Una volta eseguito sul sistema della vittima, Amatera è in grado di sottrarre credenziali salvate nei browser, cookie e token di sessione, oltre a raccogliere informazioni dettagliate sul sistema compromesso. Il malware può inoltre individuare e sottrarre dati relativi a portafogli di criptovalute, aumentando il valore economico delle informazioni esfiltrate.
La famiglia Amatera include anche tecniche di evasione progettate per evitare il rilevamento da parte degli strumenti di sicurezza e prolungare la permanenza del malware nel sistema compromesso.
Tecniche di esecuzione diverse per Windows e macOS
Gli attacchi InstallFix utilizzano approcci leggermente differenti a seconda del sistema operativo della vittima. Nel caso dei sistemi macOS, i comandi malevoli contengono istruzioni codificate in base64 che scaricano e avviano un binario remoto da domini controllati dagli attaccanti.
Nei sistemi Windows, invece, l’attacco sfrutta l’utility di sistema mshta.exe per recuperare il malware remoto. L’esecuzione del payload coinvolge anche processi di sistema come conhost.exe, utilizzati per supportare l’avvio del codice malevolo.
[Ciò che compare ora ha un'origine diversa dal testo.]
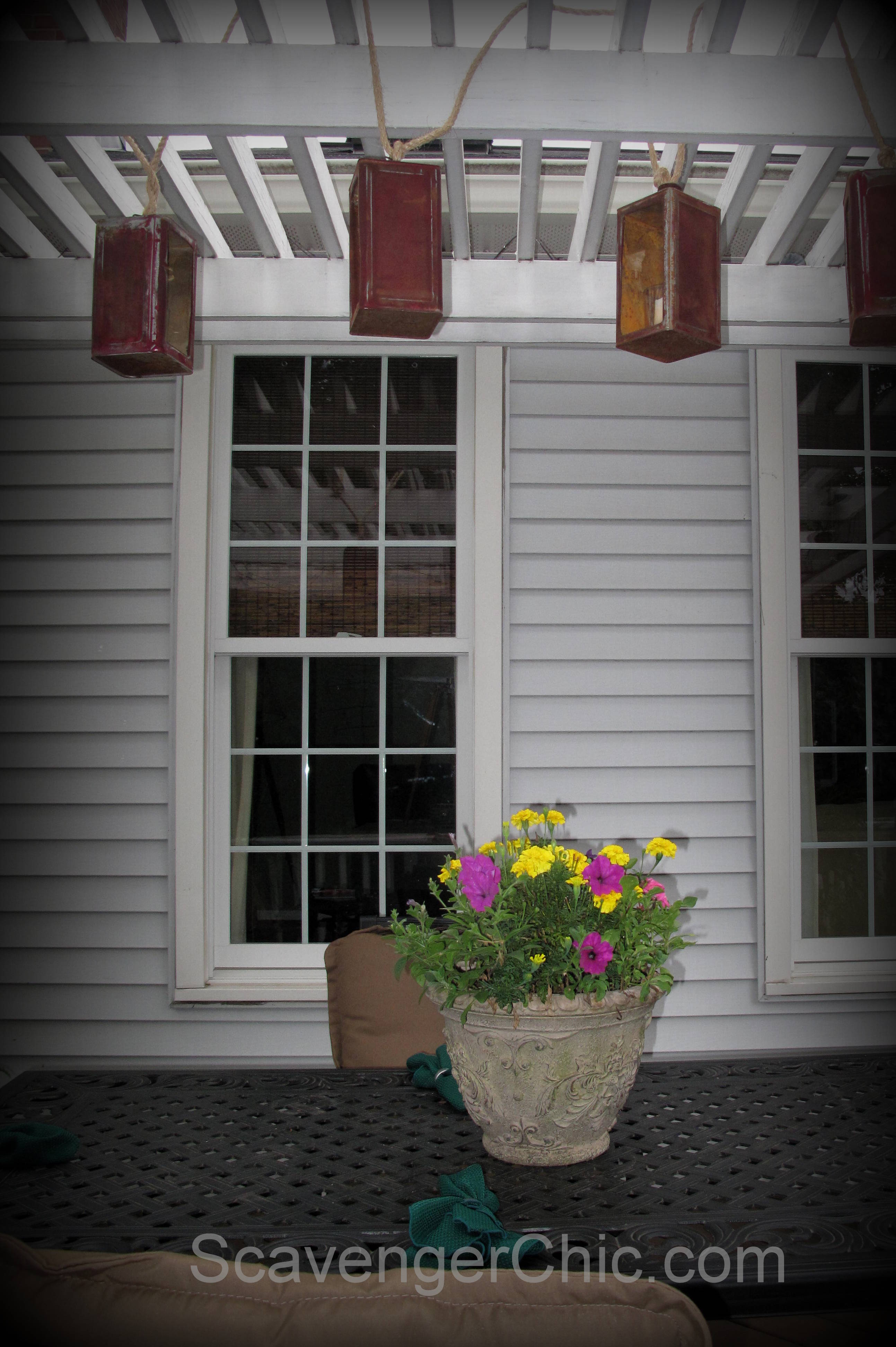 First tried hanging one of the lanterns on my bird feeder pole. Not too bad, but I thought hanging them all together would make a bigger impact.

L’utilizzo di strumenti legittimi già presenti nel sistema operativo consente agli aggressori di ridurre i segnali di anomalia e aumentare le probabilità di successo dell’infezione.
Una nuova superficie di attacco per l’ecosistema DevOps
Le campagne InstallFix evidenziano una debolezza strutturale nell’ecosistema degli strumenti per sviluppatori. La fiducia implicita nei comandi pubblicati online, unita alla diffusione di piattaforme di distribuzione automatica del software, crea una superficie d’attacco ampia e difficile da controllare.
La combinazione di siti clonati, risultati sponsorizzati nei motori di ricerca e comandi di installazione automatica rende questi attacchi particolarmente credibili anche per utenti esperti. Il fatto che l’infezione avvenga tramite un comando eseguito manualmente dall’utente complica ulteriormente l’individuazione dell’attacco.
Per questo motivo, i ricercatori raccomandano di ottenere le istruzioni di installazione esclusivamente dai siti ufficiali dei produttori software, evitando i risultati sponsorizzzati dei motori di ricerca e verificando sempre il contenuto degli script prima di eseguirli. Salvare tra i preferiti i portali di download ufficiali degli strumenti utilizzati più frequentemente può rappresentare una misura semplice ma efficace per ridurre il rischio.